Supports multiple backends (vLLM, Transformers, llama.cpp), automatic model management with TTL-based unloading, and zero-configuration model switching, all controlled via API parameters.
This project was born out of frustration with existing LLM inference solutions:
The Problem:
- Ollama's slow model loading - Every model switch meant waiting minutes for models to load, killing productivity during development and experimentation
- Single backend limitations - Existing solutions force you to choose one backend, but different formats have different strengths:
- GGUF quantized models for memory efficiency
- SafeTensors for production GPU inference
- Different quantization levels for different use cases
- Installation overhead - Want to try a new model format? Install another entire backend system, configure it, manage dependencies...
The Solution:
This server gives you all backends in one place with instant model switching. Load a GGUF model with llama.cpp, switch to a SafeTensors model with vLLM, then try a CPU model with Transformers, all through the same API, no restarts, no configuration files.
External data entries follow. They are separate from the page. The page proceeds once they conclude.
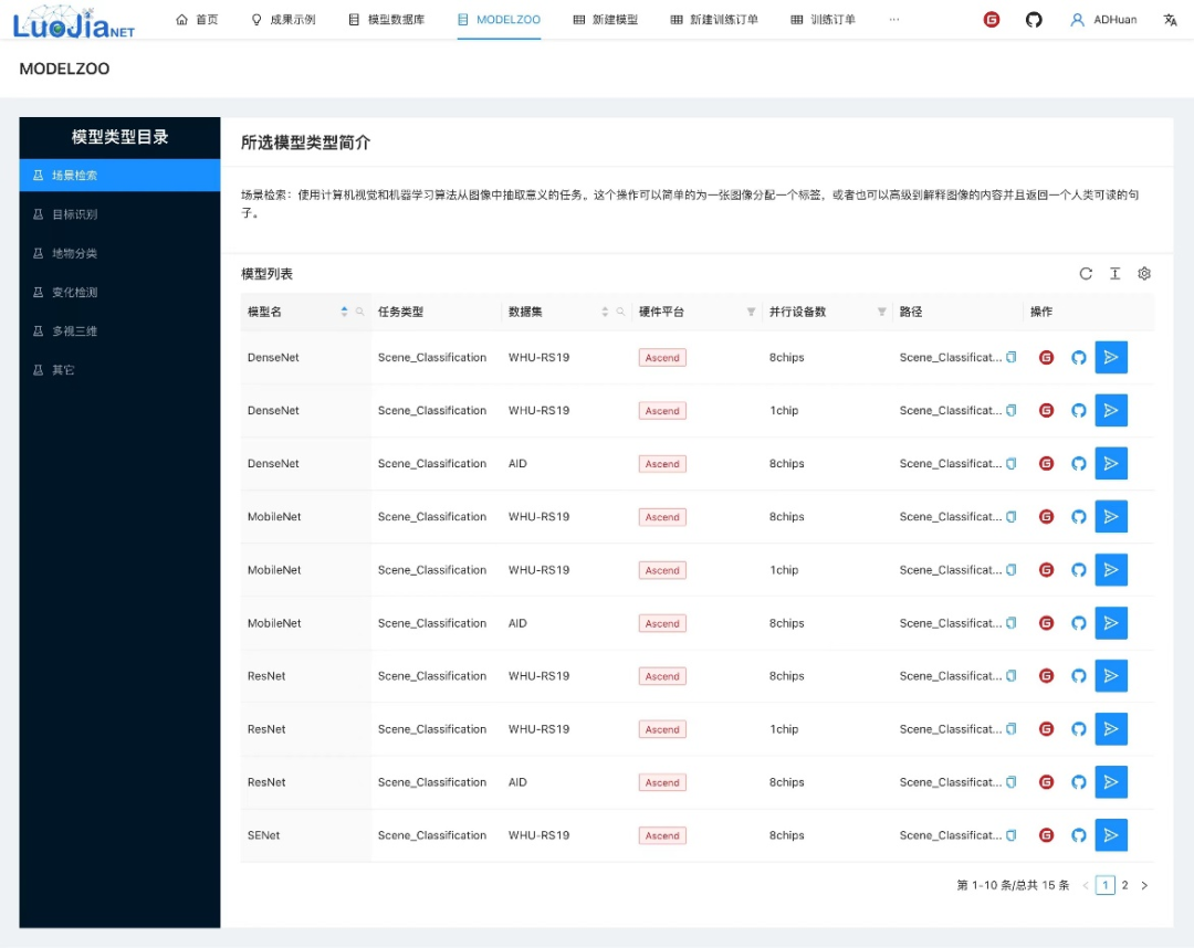 依托武汉昇腾人工智能计算中心的昇腾AI算力支持,打造了嵌入昇思MindSpore技术特性的新版本LuoJiaNET针对遥感应用典型场景(场景检索、目标识别、地物分类、变化检测、多视三维),为用户提供五大类基础遥感任务模型库,用户可根据需求直接进行调用。
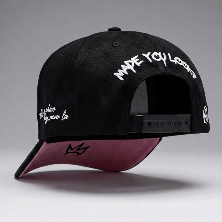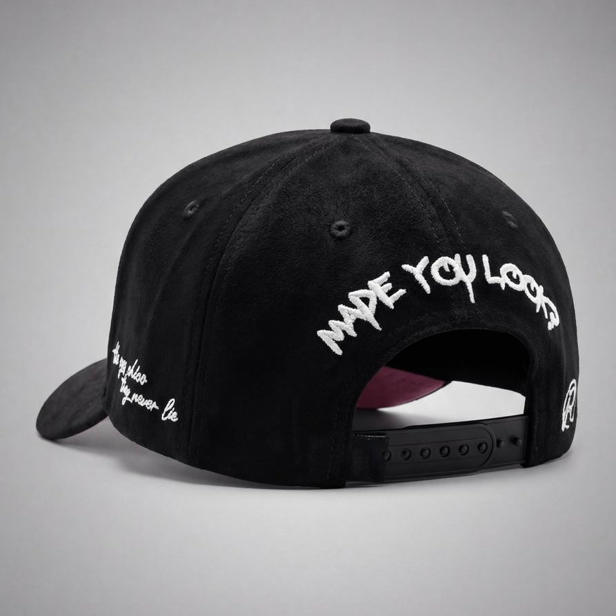 Turn heads with the All Eyes on Me cap, where premium suede brim meets striking 3D embroidery for an undeniably slick aesthetic. Engineered for all-day wear, this lightweight design delivers comfort without compromise, making it the perfect statement piece for anyone who demands style and wearability. Make an impression that lasts.
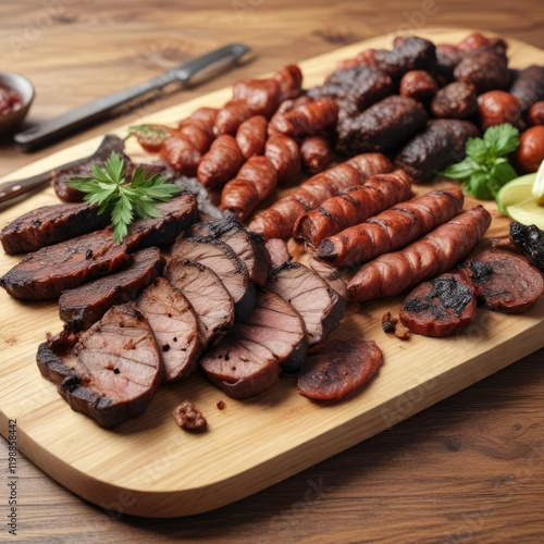 A platter of grilled meats including chorizo and morcilla served on a wooden board, outdoor cooking, traditional, argentine cuisine

Key insight: Model caching + dynamic loading means the first load is slow, but subsequent requests are instant. Combined with TTL-based management, you get the flexibility of Ollama with the performance of dedicated backends.
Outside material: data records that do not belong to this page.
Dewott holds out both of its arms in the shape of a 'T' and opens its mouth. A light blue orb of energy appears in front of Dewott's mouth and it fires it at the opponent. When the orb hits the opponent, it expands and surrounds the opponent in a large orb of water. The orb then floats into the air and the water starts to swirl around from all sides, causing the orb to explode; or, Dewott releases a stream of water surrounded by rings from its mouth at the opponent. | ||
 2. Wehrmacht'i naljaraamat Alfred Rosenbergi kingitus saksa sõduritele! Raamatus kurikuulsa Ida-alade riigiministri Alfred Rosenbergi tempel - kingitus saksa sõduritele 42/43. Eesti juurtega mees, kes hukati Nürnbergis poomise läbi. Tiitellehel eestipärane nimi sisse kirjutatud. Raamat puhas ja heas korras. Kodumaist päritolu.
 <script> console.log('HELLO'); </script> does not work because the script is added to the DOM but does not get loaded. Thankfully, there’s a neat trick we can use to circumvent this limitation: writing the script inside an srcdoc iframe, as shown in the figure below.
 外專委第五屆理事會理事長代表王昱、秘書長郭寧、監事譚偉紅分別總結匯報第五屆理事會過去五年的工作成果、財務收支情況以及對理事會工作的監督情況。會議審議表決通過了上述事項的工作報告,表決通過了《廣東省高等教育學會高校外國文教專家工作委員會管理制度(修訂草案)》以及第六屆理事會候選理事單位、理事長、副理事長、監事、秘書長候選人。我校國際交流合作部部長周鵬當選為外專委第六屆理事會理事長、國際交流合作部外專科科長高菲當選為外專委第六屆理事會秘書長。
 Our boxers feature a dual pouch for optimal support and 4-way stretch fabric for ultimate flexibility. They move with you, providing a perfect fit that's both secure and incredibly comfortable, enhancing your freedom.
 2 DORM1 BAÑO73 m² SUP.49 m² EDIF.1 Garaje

- Dynamic Model Loading - Load any model on-demand via API request, no configuration files needed
- Intelligent Caching - Automatic TTL-based model unloading with configurable cache lifetime
- Three Backend Engines
- vLLM - High-performance GPU inference with PagedAttention
- Transformers - Flexible CPU/GPU inference with HuggingFace models
- llama.cpp - Efficient GGUF model support with partial GPU offloading
- Streaming Support - Server-Sent Events (SSE) streaming for real-time responses
- Built-in Model Downloader - Download models from HuggingFace directly via API
- Model Inventory - Automatic discovery of downloaded models
- OpenAI Compatible - Drop-in replacement for OpenAI Chat Completions API
- Docker Ready - Single-container deployment with Docker Compose
- Per-Request Configuration - Specify model, backend, device, and parameters per API call
- Exclusive Mode - Same model path with different configs (e.g., CPU and GPU instances)
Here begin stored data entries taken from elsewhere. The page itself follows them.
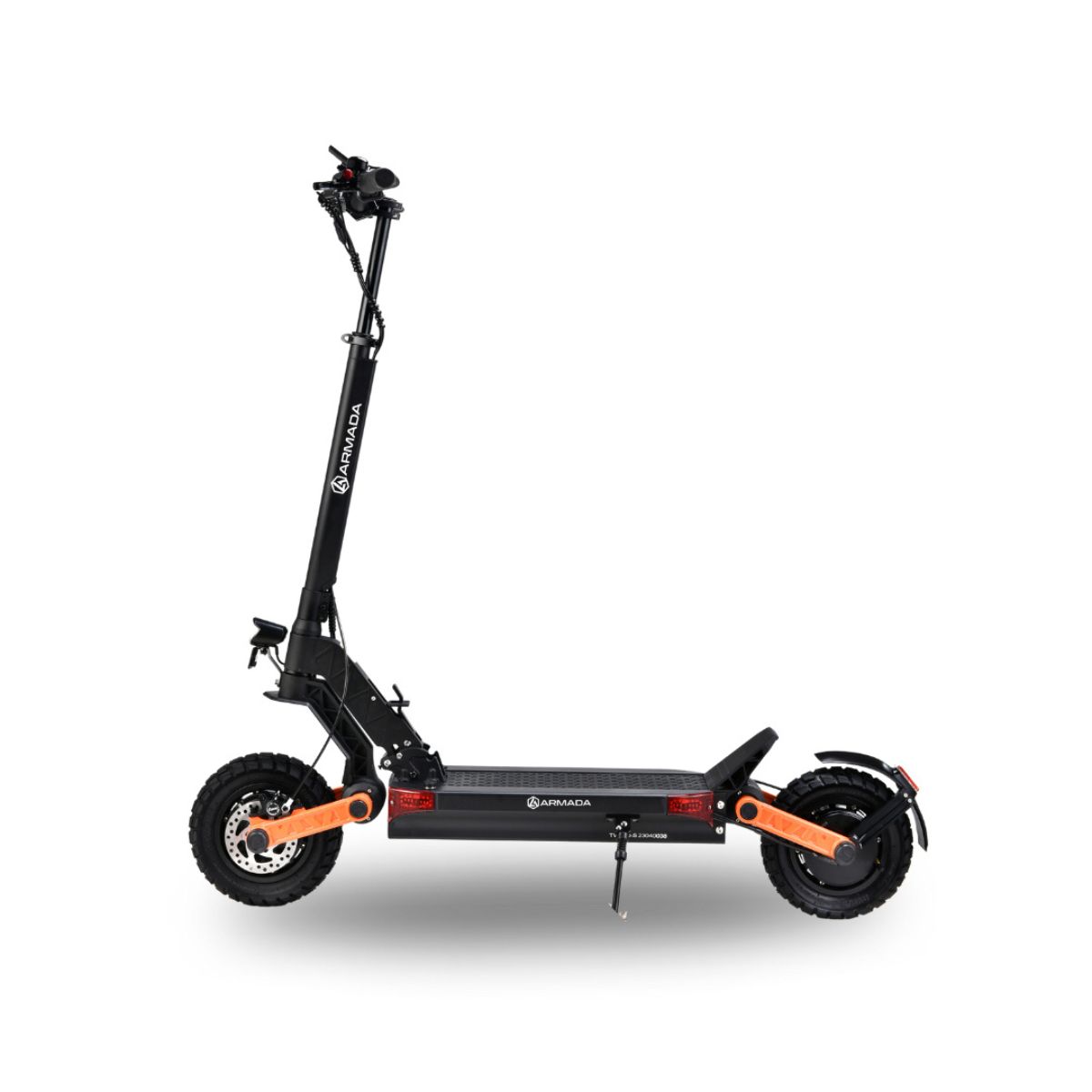 The Armada Elation single or dual motor electric kick scooter, the perfect choice for those in need of some serious power. Sporting a 2000 watt high torque dual motor system, this scooter impressively climbs mountains and tackles tough terrains with ease. The long range 60V18AH battery provides up to 60kms distance, making it a dependable option for longer journeys. This scooter also boasts higher weight limits, accommodating riders up to 264 lbs, and comes equipped with front and rear shocks for a smoother ride. With variable speeds of up to 60kms per hour, a durable frame, and heavy-duty off-road tires, the Armada Elation is the ultimate choice for those seeking a high-performance electric kick scooter.
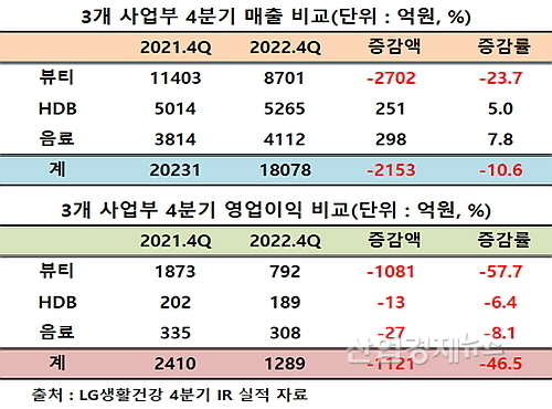 사업부별 4Q 손익, 화장품에 생활용품, 음료까지 전 사업부 모두 뒷걸음..어닝쇼크 합작
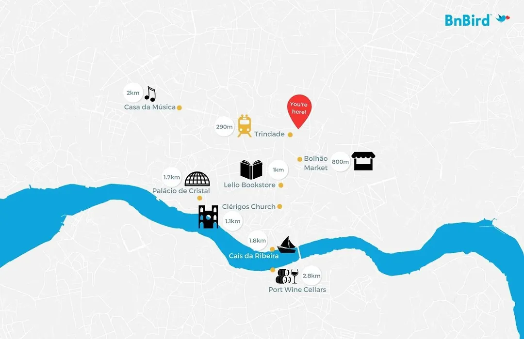 Перебуваючи в центрі Порту, ви також можете влаштувати пікнік на Fonte das Oliveiras, що знаходиться в межах 9 хвилин пішої прогулянки від апартаментів. До центру Порту можна дійти пішки за 10 хв. На відстані 1.8 км від Апартаменти Trindade Flat With A Great View знаходиться Винні погреби Сандеман.
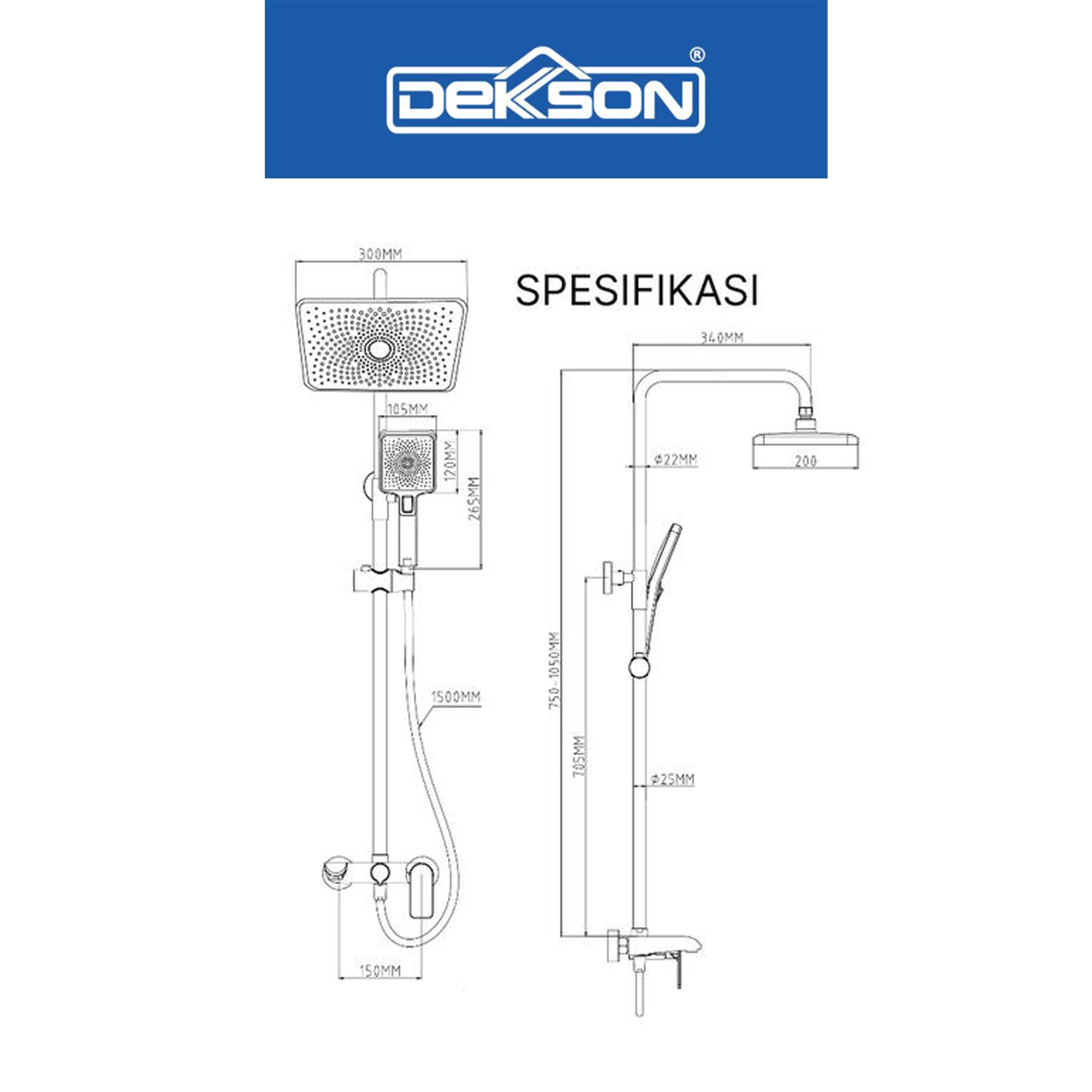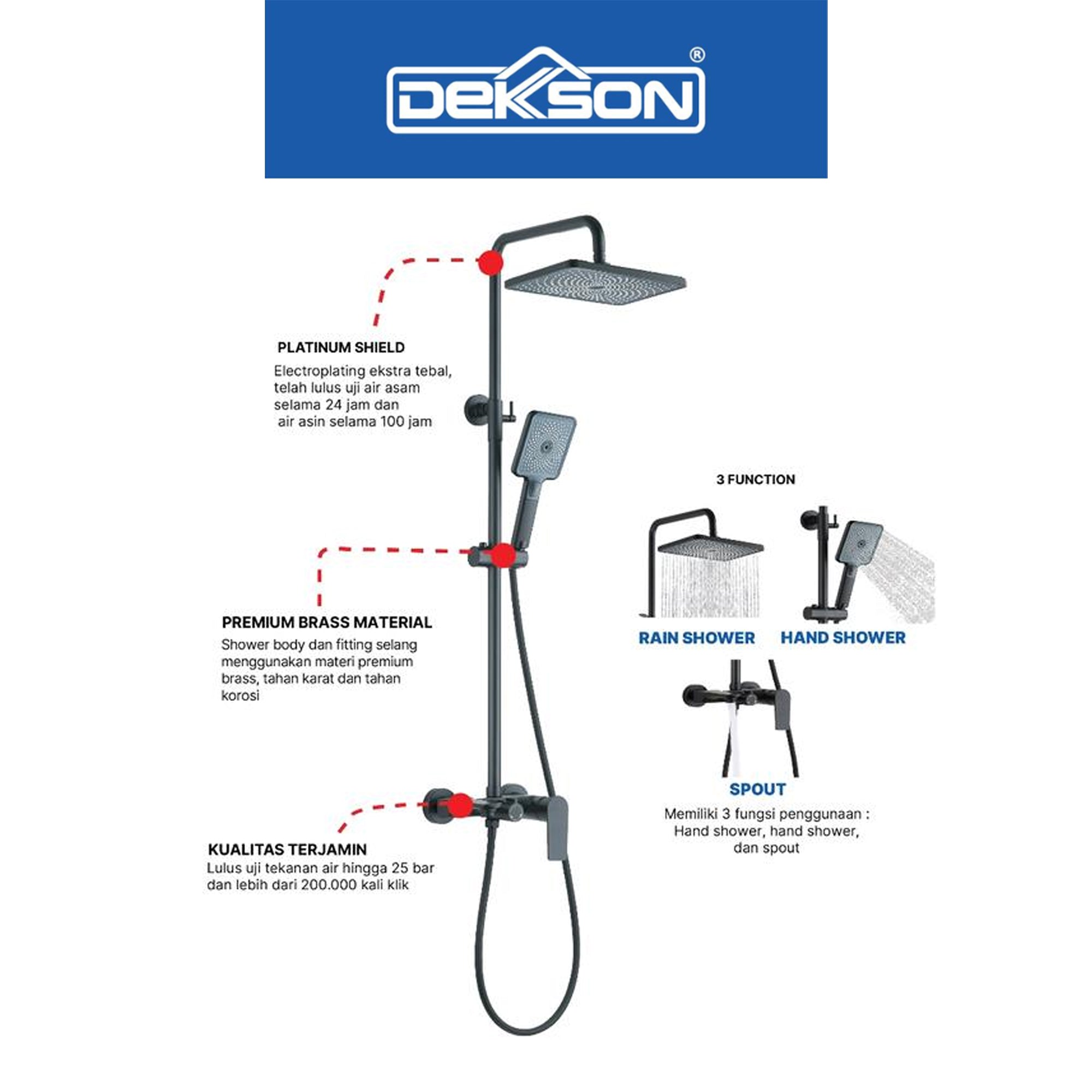 Shower Set 3 Function Dekkson SS 7828-3 CP MB Shower Tiang Set Column Mandi Keran Kran Panas Dingin Chrome Black

- Memory Management - Configurable GPU memory utilization and automatic cleanup
- Zero Configuration - No YAML files or code changes to use new models
- RESTful Management - Full API for cache inspection, model unloading, and statistics
Comparison with popular alternatives:
| Feature | This Project | vLLM Standalone | Ollama | text-generation-inference |
|---|---|---|---|---|
| Multi-backend | Yes (vLLM + Transformers + llama.cpp) | No (vLLM only) | No (Custom engine) | No (TGI only) |
| Dynamic Loading | Yes (Load on-demand) | No (Static config) | Yes | No (Static config) |
| GGUF Support | Yes (Via llama.cpp) | No | Yes | No |
| OpenAI API | Yes (Full compatibility) | Partial | Partial (Custom format) | Partial |
| Streaming | Yes (SSE streaming) | Yes | Yes | Yes |
| CPU Support | Yes (Transformers backend) | No (GPU only) | Yes | Limited |
| Built-in Downloader | Yes (HF integration) | No (Manual) | No (Manual) | No (Manual) |
| Deployment | Single container | Multi-container | Binary | Multi-container |
Best for: Development environments, multi-model experimentation, mixed GPU/CPU setups, GGUF quantized models.
flowchart LR
Client[Client] -->|POST /v1/chat/completions| Gateway[FastAPI Gateway]
Gateway --> Cache{Model in Cache?}
Cache -->|Yes| Reuse[Reuse Cached Model]
Cache -->|No| Load[Load Model]
Load --> Backend{Backend Type?}
Backend -->|vllm| VLLMEngine[vLLM Engine]
Backend -->|transformers| TransformersEngine[Transformers Engine]
Backend -->|llamacpp| LlamaCppEngine[llama.cpp Engine]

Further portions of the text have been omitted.